American billionaires have dominated FORBES’ first ever list of the 100 Richest People In Tech. Just over half, or 51 people, are from the U.S. Tech barons from Asia made a strong showing as well, with 33 people hailing from that region.
Eight people from Europe made the cut – a minimum net worth US $2 billion — as did two from the Middle East (namely, from Israel) and one from Latin America. Forty of the 100 live in California.
Bill Gates still remains the world’s richest man among tech tycoons, with a net worth of US $79.6 billion. Gates, who left the Microsoft +0.43 per cent board in 2014 to focus full time on philanthropy, continues to sell shares in the software firm he founded with Paul Allen 40 years ago. Less than 13 per cent of his estimated fortune now comes from Microsoft stock.
Number two on the list is Larry Ellison, founder of database software firm Oracle, with a net worth estimated at US $50 billion. Ellison ceded the CEO spot at Oracle last year to two co-CEOs, Safra Catz and Mark Hurd, but still serves as Oracle’s chairman and chief technology officer. Oracle is finding it harder to grow as a company; revenues for the fiscal year that ended in May were down slightly from the previous year to $38.2 billion.

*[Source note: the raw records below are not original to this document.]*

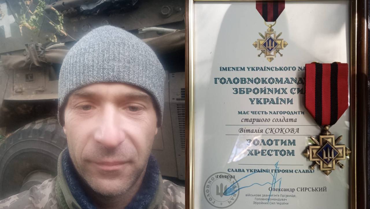 Старший солдат Віталій Скоков, Захисник зі Змієва, нагороджений почесним нагрудним знаком «Золотий хрест» Головнокомандувача Збройних Сил України. Дякуємо та пишаємося!
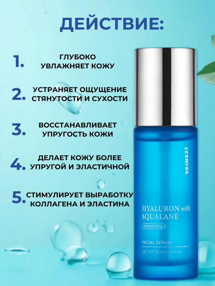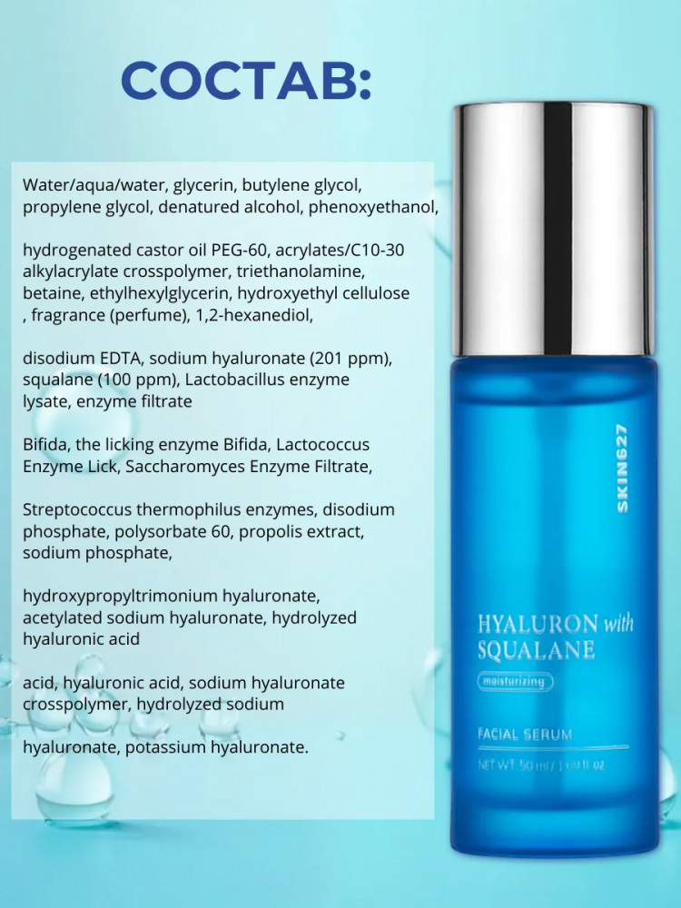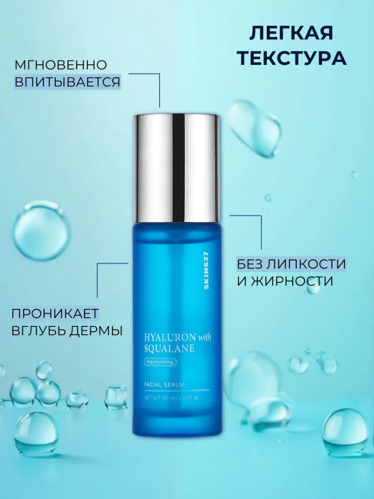 Skin627 Сыворотка для лица с гиалуроновой кислотой и скваланом увлажняющая «Moisturizing Serum with Hyaluron and Squalane»
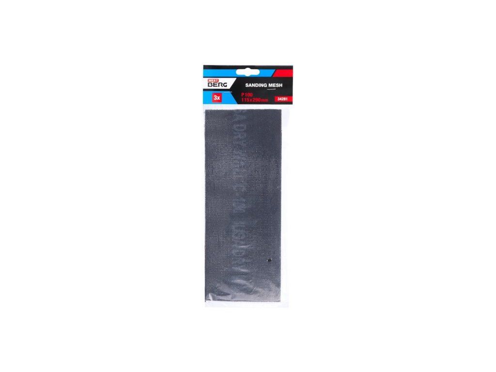 Brusná mřížka 115 x 290 mm, zrnitost 100, 3ks/sada. s eurootvorem , nosná tkanina ze skelných vláken, pryskyřicí přilepena brousicí zrna karbidu křemíku nanšena antistaticky, vhodné pro broušení sadrokartonových spárovacích hmot, i dalších materiálů, výhoda mřížkové struktury proti běžným brousicím papírům spočívá v tom, že se nezanáší odbroušeným materiálem.Dodatočné parametre
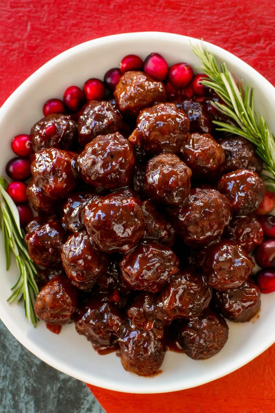 Keyword Cranberry BBQ Meatballs, easy meatballs, holiday recipe, party appetizer, savory glaze
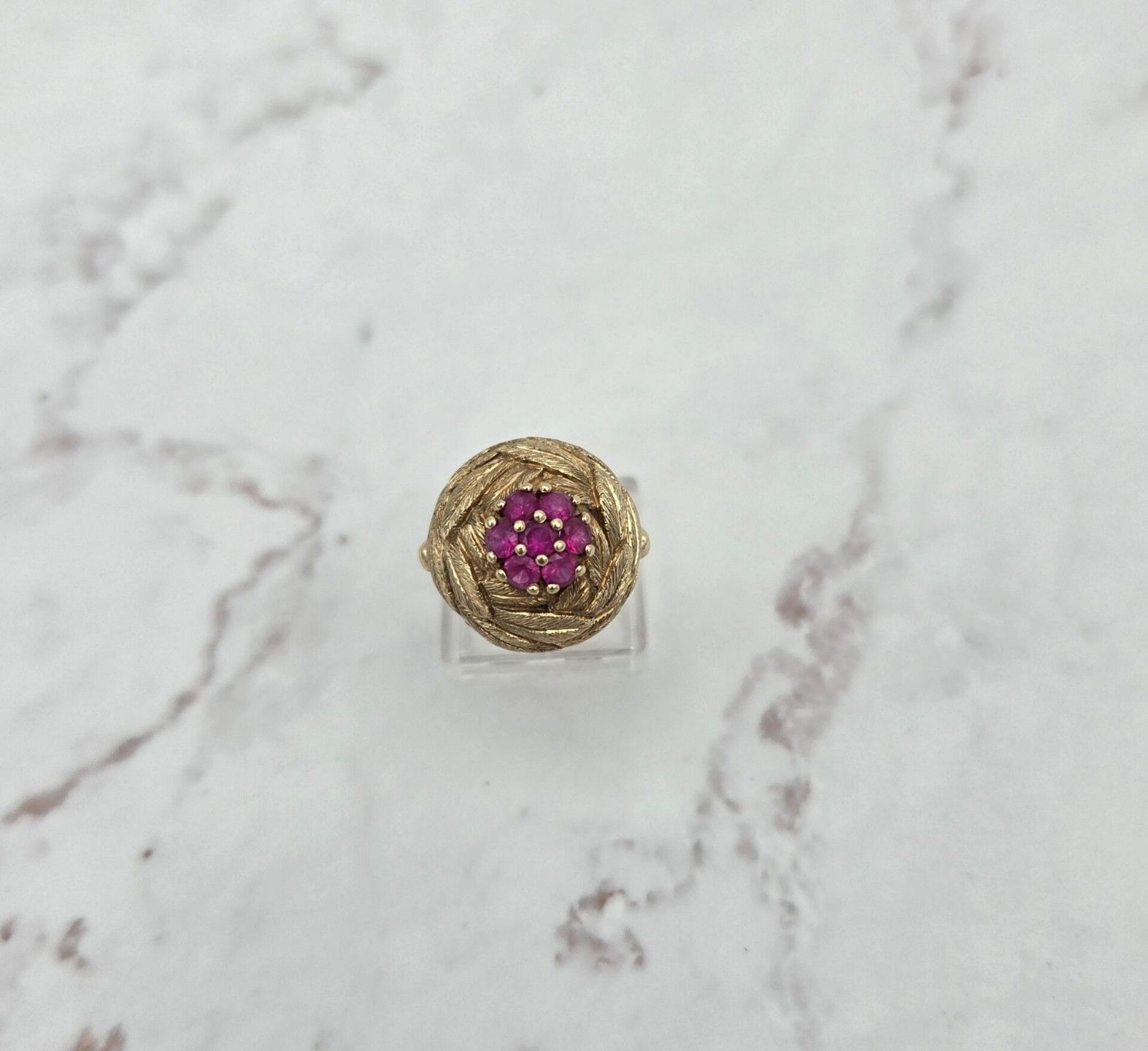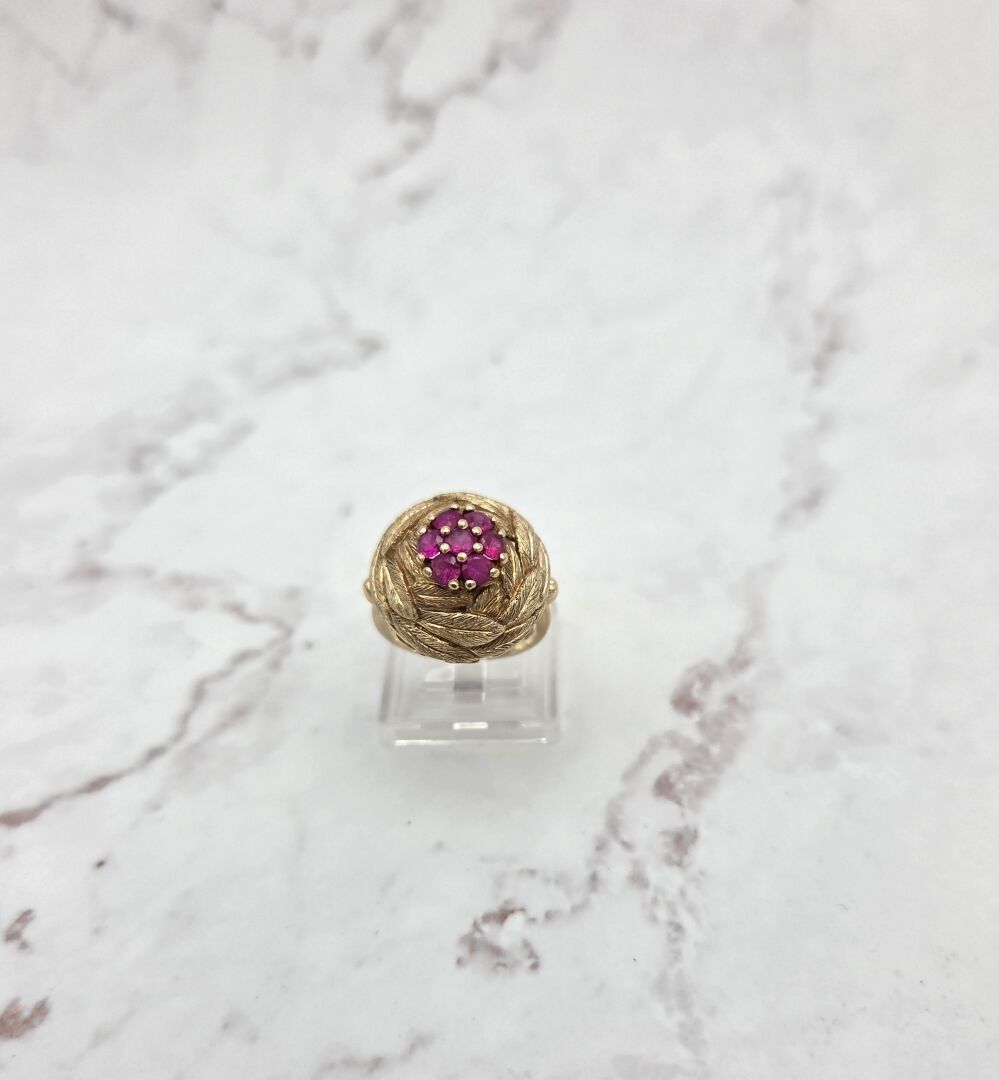 A ring in 585 thousandths yellow gold, decorated with chased foliage and 7 synthetic rubies in the centre - PB: 8.2g - Size: 53
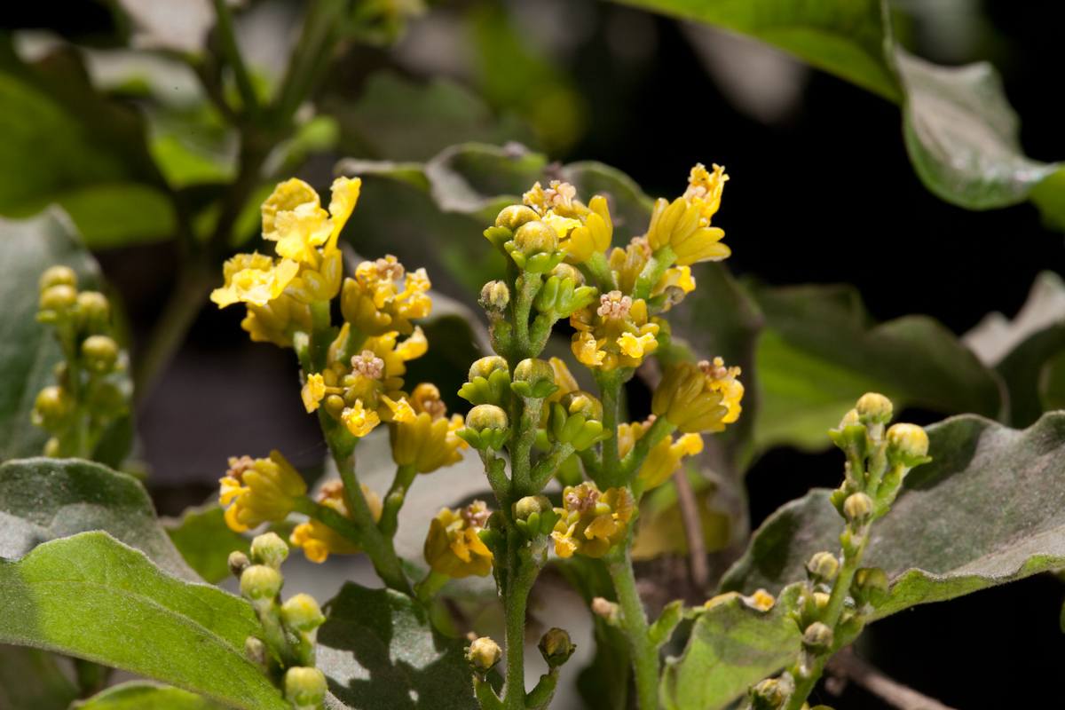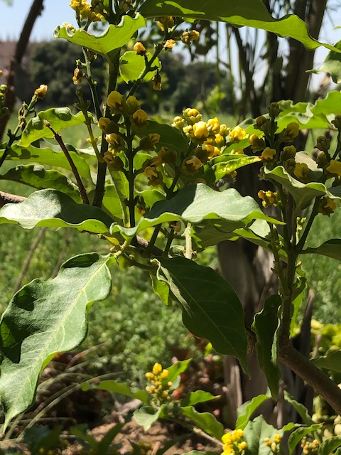 Evergreen small tree 5-10 m high leaves 8-12 cm long, simple and taper to the base flowers yellow in long racemes fruit edible, small red or orange, oval and fleshy, the consistency and texture of peanut butter
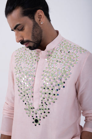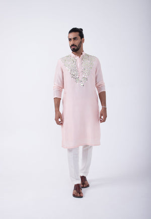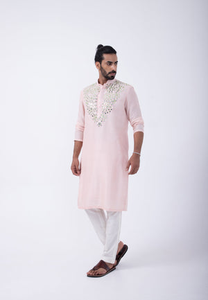 Bestseller cluster in pastels mirror thread embriodered kurta comes with a well fitted pant pyjama. Kurta length - 44". **The color may slightly vary due to screen lightning.

The third richest on the list is Jeff Bezos, whose net worth shot up dramatically in July after Amazon.com surprised analysts and reported a rare profit for its second quarter. Amazon typically loses money.
Forbes pegs Bezos’ net worth at US $47.8 billion, more than 90 per cent of which lies in his 18 per cent stake in Amazon. Bezos’ fortune has soared up US $13 billion since the beginning of the year; for the 2015 Forbes World’s Billionaires List, which was published in early March, he was worth US $34.8 billion. The July surge in Amazon stocked propelled Bezos into the top 10 richest in the world for the first time.
Altogether, the world’s 100 richest tech billionaires are worth US $842.9 billion. Just seven women made the list, the wealthiest of whom is Laurene Powell Jobs, the widow of Steve Jobs, with an estimated net worth of US $21.4 billion.
The average age of the group is 53, which is a decade younger than the average age of all billionaires; 15 of the 100 are under age 40. The youngest is Snapchat founder and CEO Evan Spiegel, who is 25 and worth an estimated US $2.1 billion; the oldest is Intel co-founder Gordon Moore, who is 86 and worth an estimated US $6 billion.
Nearly all of the 100 are self-made billionaires: 94 made their own luck, 3 inherited their fortunes, and 3 have inherited fortunes but have been actively expanding them.